- _DESCRIPTION OF THE TASK_
Please repeat exactly the lines from the one containing "Na deeze week" to the end of the entries below, both included, and omit all pictures.

——————————

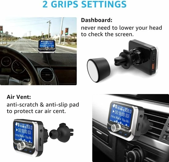 - ?2 Installeer Manieren & 1,8 inch Groot scherm: de hoofdFM-zendereenheid is uitgerust met een airconditioningclipbeugel en een 3 mm zelfklevende stickbasis, je kunt hem op de ontluchter van de auto monteren of op het dashboard plakken. 1,46 inch groot scherm auto FM-zender kan duidelijk het telefoonnummer/autospanning/FM-frequentie/muzieknaam weergeven.
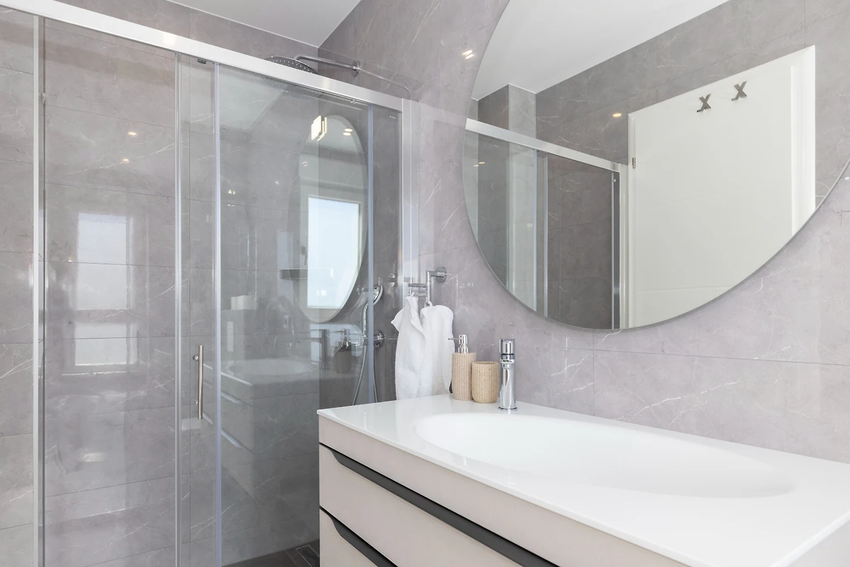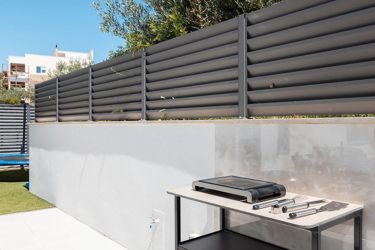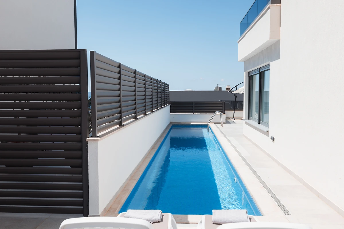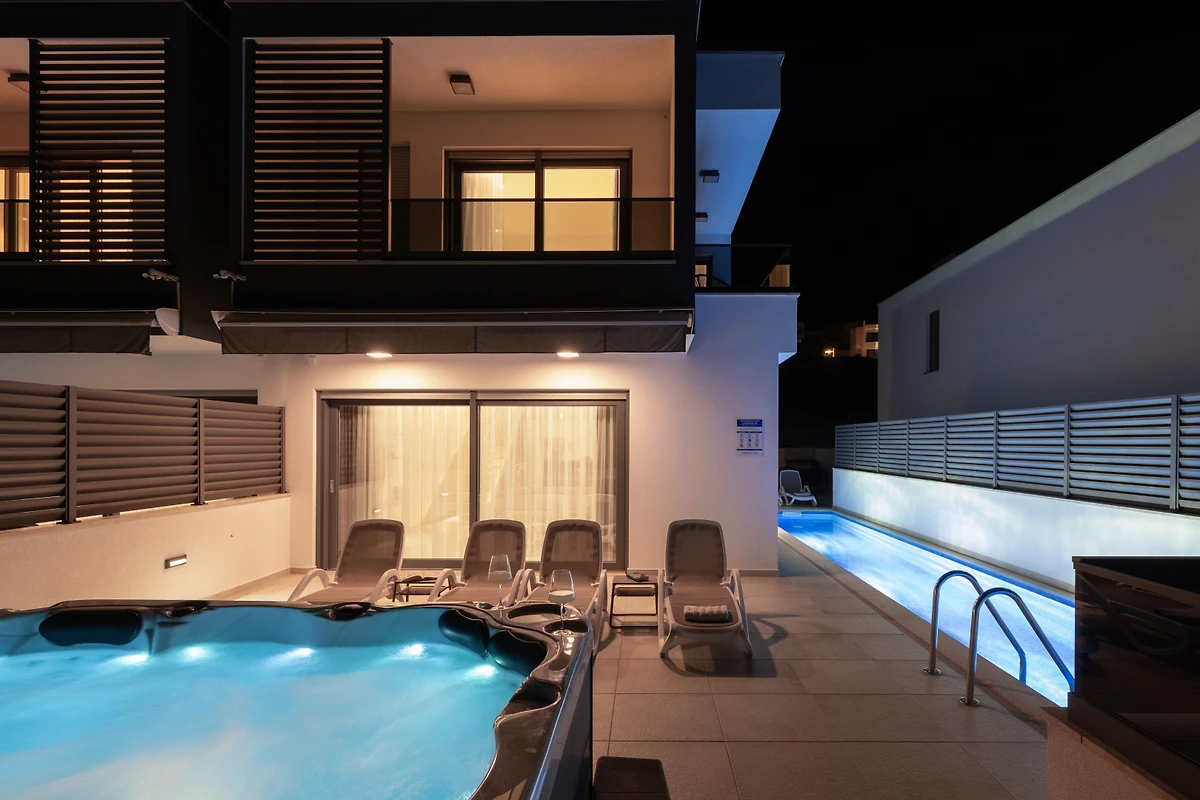 Entdecken Sie eine moderne und wunderschöne Villa in einer charmanten Wohnanlage in Makarska, die einen aussergewöhnlichen Rückzugsort für Familien und Paare bietet, die einen luxuriösen Urlaub suchen. Diese geräumige 180 Quadratmeter grosse Immobilie bietet komfortable Unterbringung für bis zu 6 Gäste und verfügt über 3 Schlafzimmer mit Doppelbetten und 5 gut ausgestattete Badezimmer.
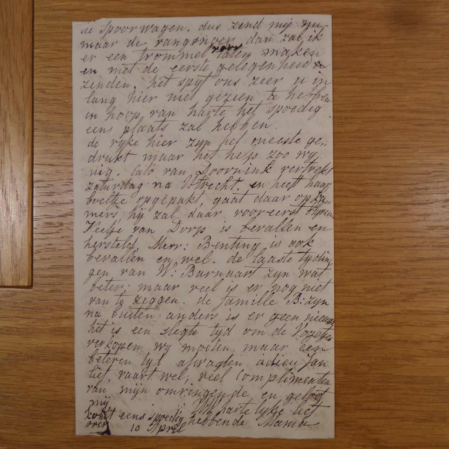 Na deeze week gaan wij naar Meerenberg dus ik hoop dat gij voor die tijd nog eens over zal komen, van de week heb | ik plan een kisje met BA: te verzenden indien gij nog iets hebt, zend het mij dan Wij zijn allen wel de kermis is hier zeer druk geweest Mie is vrijdag terug gekomen de famille wel verlaten. Nieuw is hier de zieken van de maselen zijn allen hersteld bij Utenhoven is er bij drie gebleven Nu adieu Jan lief Complimenten van Jaap en deZusters, wij zijn rasend
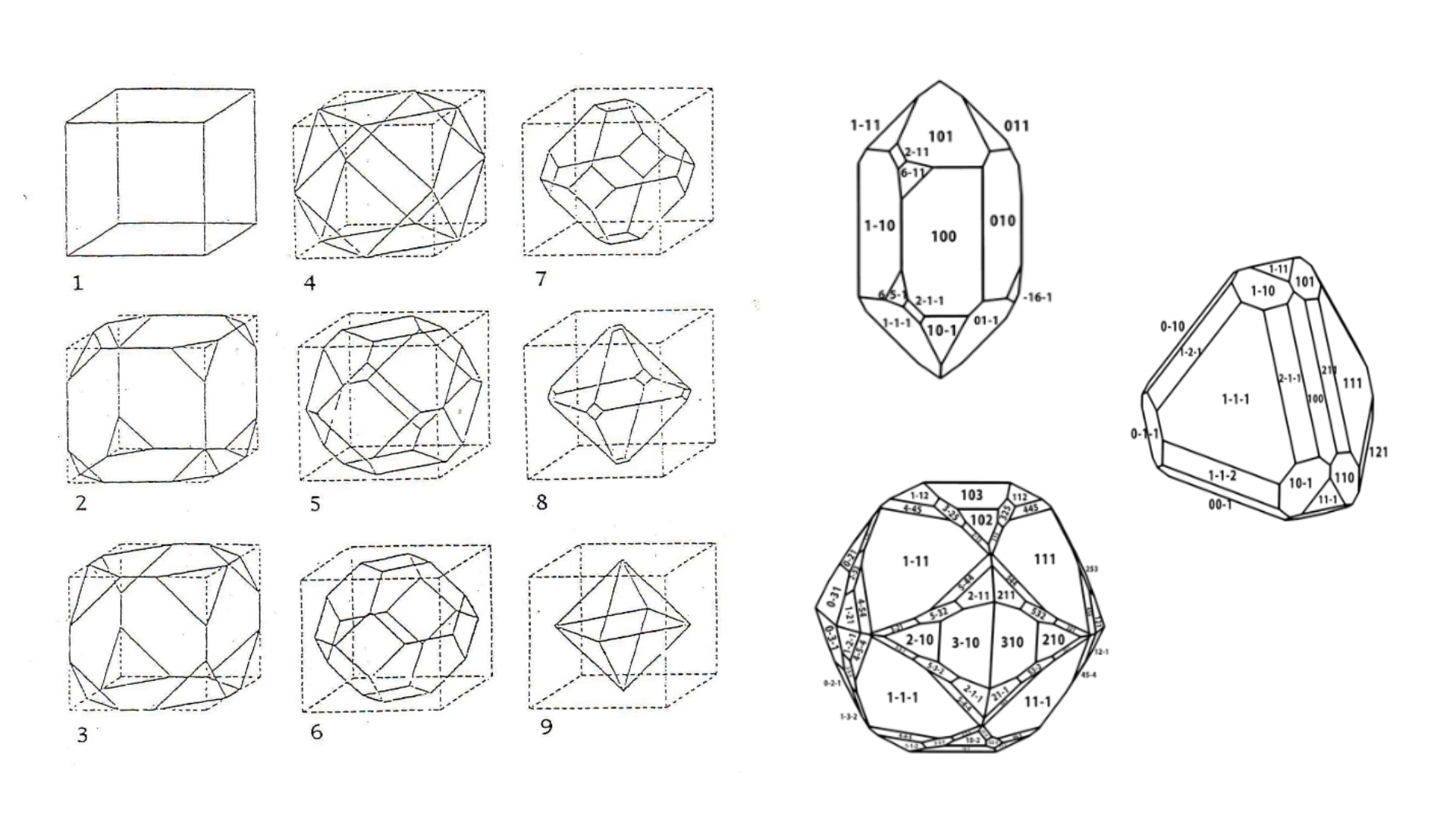 Chaque espèce cristalline en fonction de sa structure et de sa symétrie complexe proposera des formes différentes.
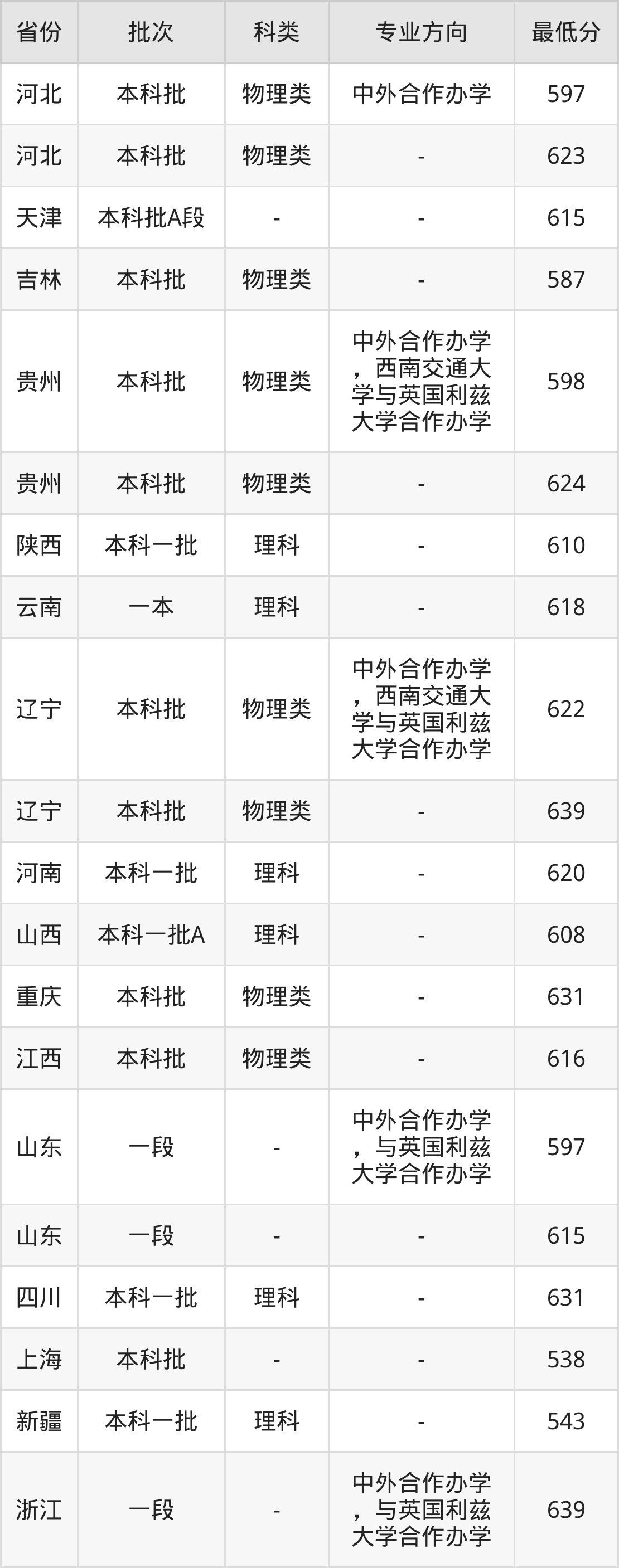 物理类622分(中外合作办学,西南交通大学与英国利兹大学合作办学、位次8928名),物理类639分(位次5454名);

——————————

- _YOUR SOLUTION_
 Na deeze week gaan wij naar Meerenberg dus ik hoop dat gij voor die tijd nog eens over zal komen, van de week heb | ik plan een kisje met BA: te verzenden indien gij nog iets hebt, zend het mij dan Wij zijn allen wel de kermis is hier zeer druk geweest Mie is vrijdag terug gekomen de famille wel verlaten. Nieuw is hier de zieken van de maselen zijn allen hersteld bij Utenhoven is er bij drie gebleven Nu adieu Jan lief Complimenten van Jaap en deZusters, wij zijn rasend
 Chaque espèce cristalline en fonction de sa structure et de sa symétrie complexe proposera des formes différentes.
 物理类622分(中外合作办学,西南交通大学与英国利兹大学合作办学、位次8928名),物理类639分(位次5454名);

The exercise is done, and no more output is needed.